Забыв про все на свете, я свирепо барабанил по клавишам, чиркал ручкой по напечатанному, выдергивал измаранные листы, в азарте заряжал чистые, начинал лупить по новой. Время пролетело, и оглянуться не успел. Короткий зимний день быстро свалился в сумерки, те растворились в ночи. Настя, смеясь, заглянула в комнату:

— Товарищ автор! Не проголодались?

— Есть слегка такое, — бодро откликнулся я. — Но оторваться не могу!

За ужин я уселся, когда синопсис был практически готов. Оставалось дописать схему финала, может быть, поправить два-три эпизода, но в целом мне все было ясно. В таких случаях даже надо отложить работу, пусть кураж перекипит, угомонится. Тогда обязательно найдется что-то интересное, необычное, две-три золотых сюжетных искорки, которых не заметишь в творческом жару. И я заставил себя отлипнуть от машинки, оставив в ней недопечатанный лист.

Наверное, нечего и говорить, что интеллектуальный пыл легко перешел в сексуальный. Полночи пронеслись в горючих страстях, и это хорошо. На съемочной площадке нам надлежало быть в одиннадцать утра, так что какое-то время отоспаться все же было.

Правда, все же мы едва не проспали. Ночные бдения дали о себе знать. Вскочили как угорелые, понеслись не позавтракав.

— Соседушка, тоже мне… — ворчала на бегу Настя. — Мог бы и прихватить с собой!.. — в адрес режиссера.

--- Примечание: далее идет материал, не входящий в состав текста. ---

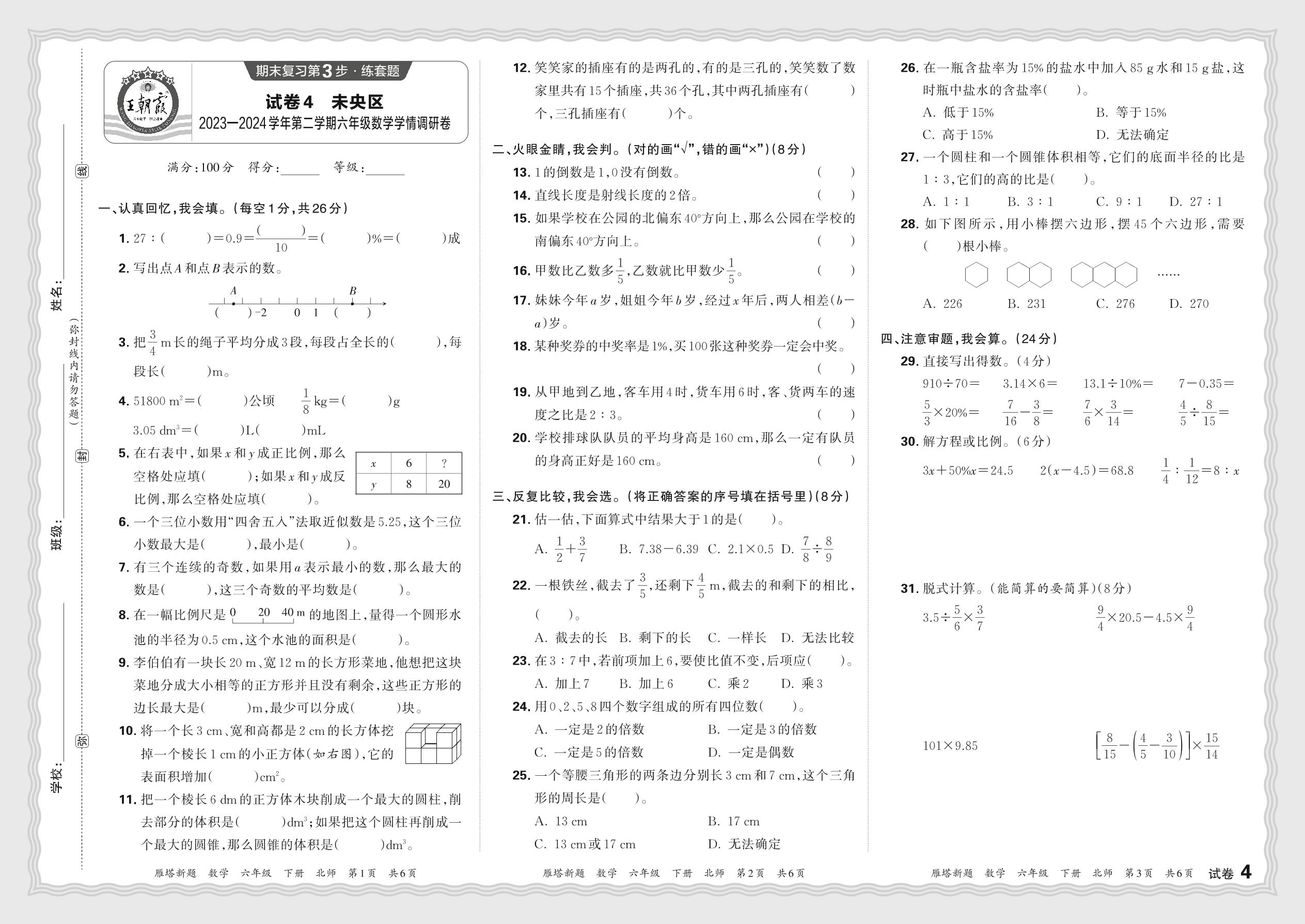 陕西省西安市未央区2023—2024学年第二学期六年级数学学情调研卷(北师版)【4】
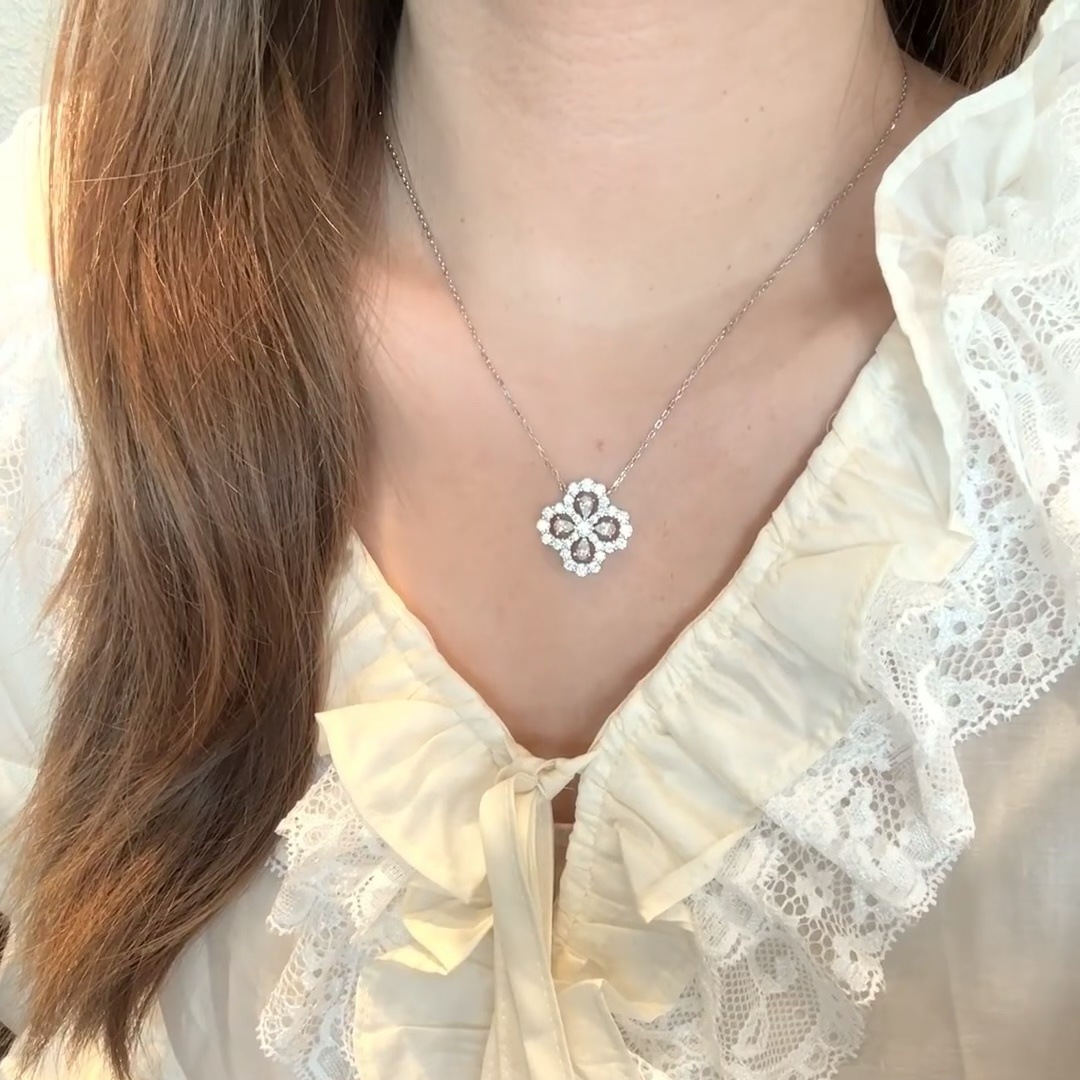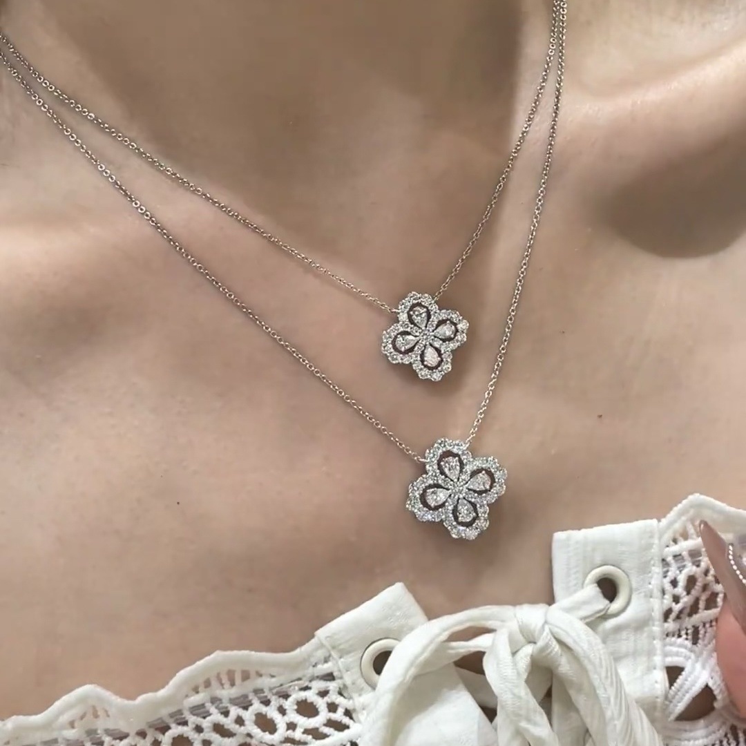 法国设计师四叶草loop项链女马眼钻满钻吊坠锁骨链精工高级感轻奢 English | 投诉

— По-моему, он сегодня дома не ночевал… — я не оправдывал нашего сподвижника, а просто констатировал факт.

— Ну, это с него станется…

Все это произносилось взахлеб, в запарке — мы бежали к метро, поминутно оглядываясь: не покажется ли свободное такси.

Повезло! Есть зеленый огонек. Ушлый водила вмиг зарядил нас на пятерку, хотя езды было максимум на три с полтиной. Но здесь уж торговаться не приходилось.

В павильон влетели вовремя, хотя «соседушка» и покосился на нас малость с недовольством.

— А вот отдельные творческие личности, — произнес он как бы в пустоту, — имеют обыкновение всегда опаздывать. Потому что они, видите ли, творческие, и закон им не писан…

— Вы кого имеете в виду? — ледяным тоном осведомилась Настя.

— Да бывают такие… — отделался наш начальник туманной фразой.

Как бы там ни было, съемка началась. И удивительное дело! С первых секунд я ощутил, что дело, как говорится, пошло. Вдохновение. Перед самым началом я попытался расслабиться, включить нечто вроде аутотренинга: по Настиной рекомендации…

Она вообще мне много интересного успела рассказать из актерского мастерства. Как это дело ставили на научную основу Станиславский и не только он. Как надо входить в образ, превращаться в своего героя. Как это сначала немного пугает, а потом привыкаешь к внутреннему преображению. Как вживаться в пространство сцены — по сути, ловить невидимые токи толпы, то есть зрительного зала, как заряжаться энергией зрителей… Говорила она и о том, что в процессе киносъемки артист лишен этой энергетической поддержки, и приходиться как-то возмещать это из партнера, из самого себя, особенно, если съемка павильонная, потому что на природе помогает биосфера, живое пространство планеты, а в помещении. Были у нас разговоры и о том, как из образа выйти. Вообще сделать так, чтобы предыдущие персоны не бродили в тебе, не мешали сливаться с рабочей личностью… Короче говоря, тонкостей тут немало.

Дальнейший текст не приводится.